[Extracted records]
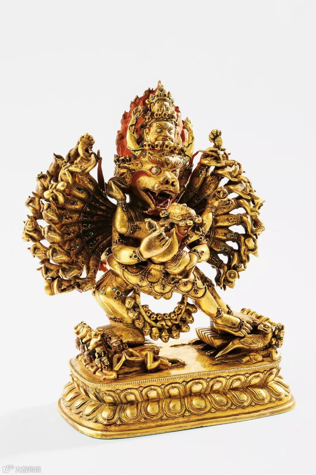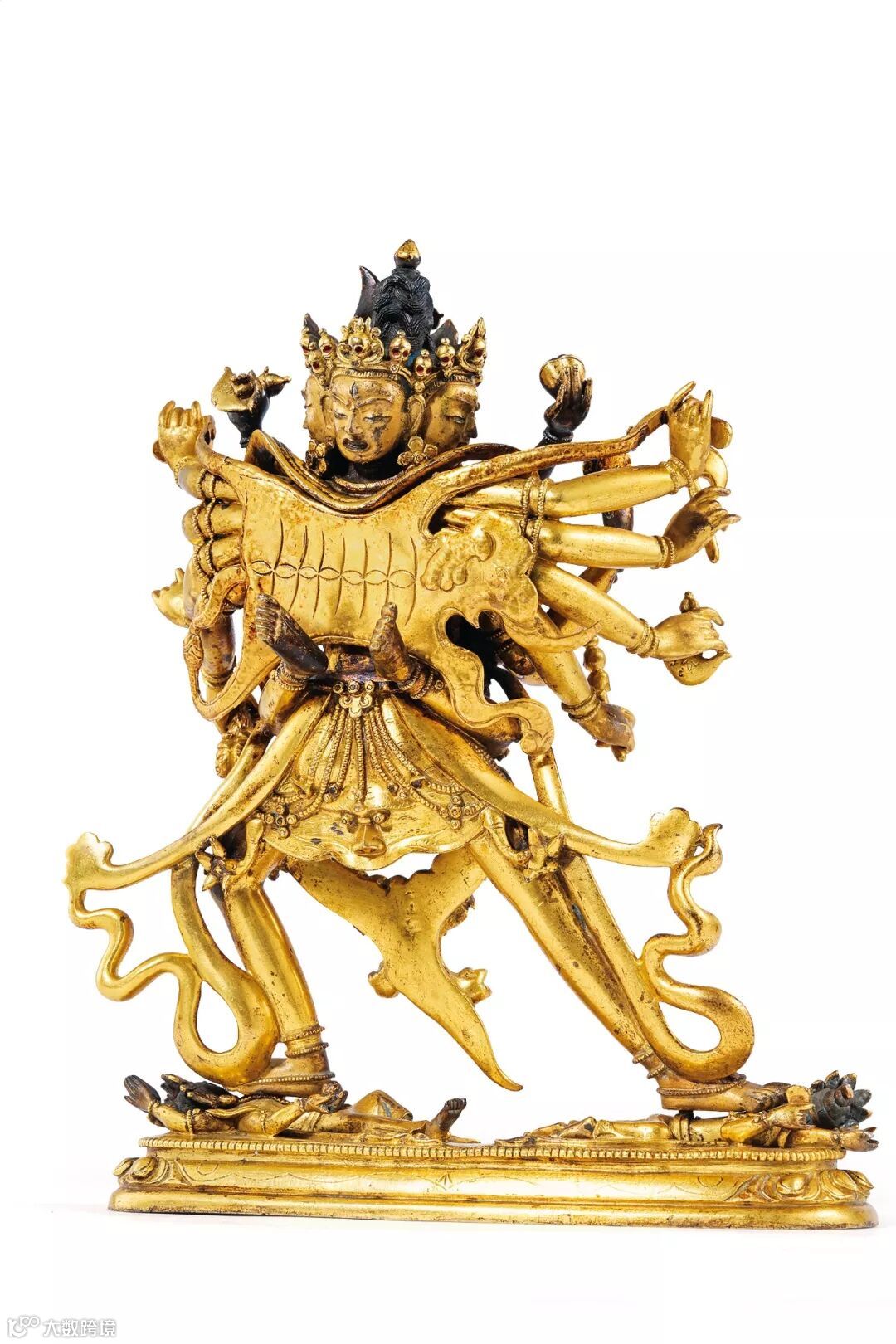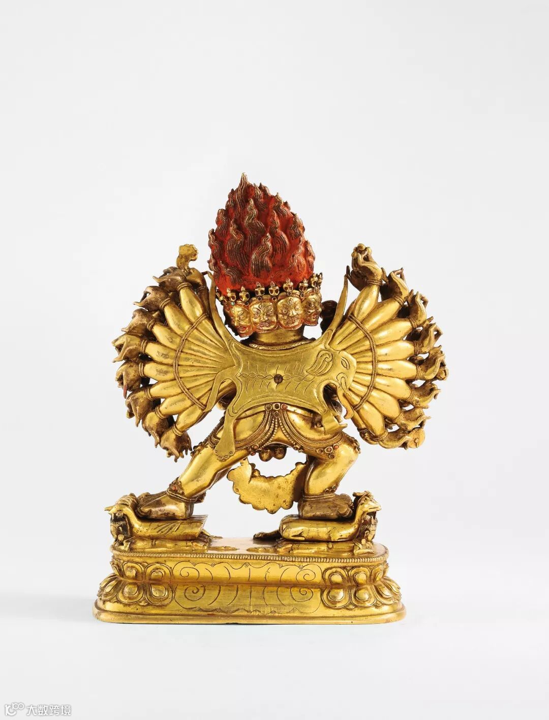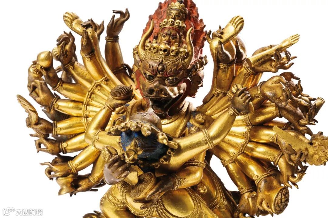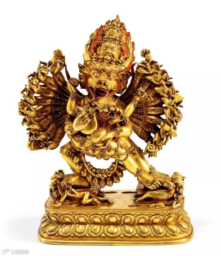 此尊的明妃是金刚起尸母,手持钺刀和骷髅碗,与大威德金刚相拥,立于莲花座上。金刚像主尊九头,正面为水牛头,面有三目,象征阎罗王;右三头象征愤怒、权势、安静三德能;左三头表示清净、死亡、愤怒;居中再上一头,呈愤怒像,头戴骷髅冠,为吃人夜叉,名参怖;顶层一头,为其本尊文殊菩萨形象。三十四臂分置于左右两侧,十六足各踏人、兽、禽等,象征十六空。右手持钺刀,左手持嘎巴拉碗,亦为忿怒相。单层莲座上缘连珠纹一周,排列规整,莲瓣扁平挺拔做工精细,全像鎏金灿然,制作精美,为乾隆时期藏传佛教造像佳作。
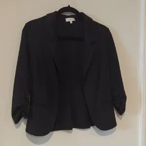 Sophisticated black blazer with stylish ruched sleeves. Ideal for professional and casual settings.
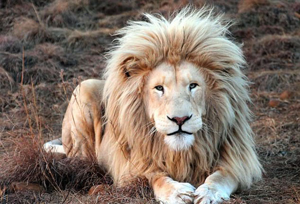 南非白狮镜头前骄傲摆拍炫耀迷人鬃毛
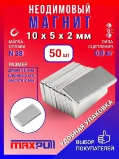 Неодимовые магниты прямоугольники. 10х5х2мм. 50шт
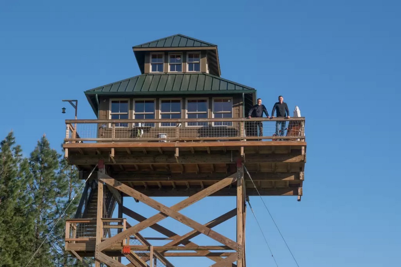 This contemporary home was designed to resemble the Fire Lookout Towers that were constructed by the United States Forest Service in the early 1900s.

*ACTIVITY*:
Return the data above unchanged. Pictures are not part of the copy.

*ANSWER*:
 此尊的明妃是金刚起尸母,手持钺刀和骷髅碗,与大威德金刚相拥,立于莲花座上。金刚像主尊九头,正面为水牛头,面有三目,象征阎罗王;右三头象征愤怒、权势、安静三德能;左三头表示清净、死亡、愤怒;居中再上一头,呈愤怒像,头戴骷髅冠,为吃人夜叉,名参怖;顶层一头,为其本尊文殊菩萨形象。三十四臂分置于左右两侧,十六足各踏人、兽、禽等,象征十六空。右手持钺刀,左手持嘎巴拉碗,亦为忿怒相。单层莲座上缘连珠纹一周,排列规整,莲瓣扁平挺拔做工精细,全像鎏金灿然,制作精美,为乾隆时期藏传佛教造像佳作。
 Sophisticated black blazer with stylish ruched sleeves. Ideal for professional and casual settings.
 南非白狮镜头前骄傲摆拍炫耀迷人鬃毛
 Неодимовые магниты прямоугольники. 10х5х2мм. 50шт
 This contemporary home was designed to resemble the Fire Lookout Towers that were constructed by the United States Forest Service in the early 1900s.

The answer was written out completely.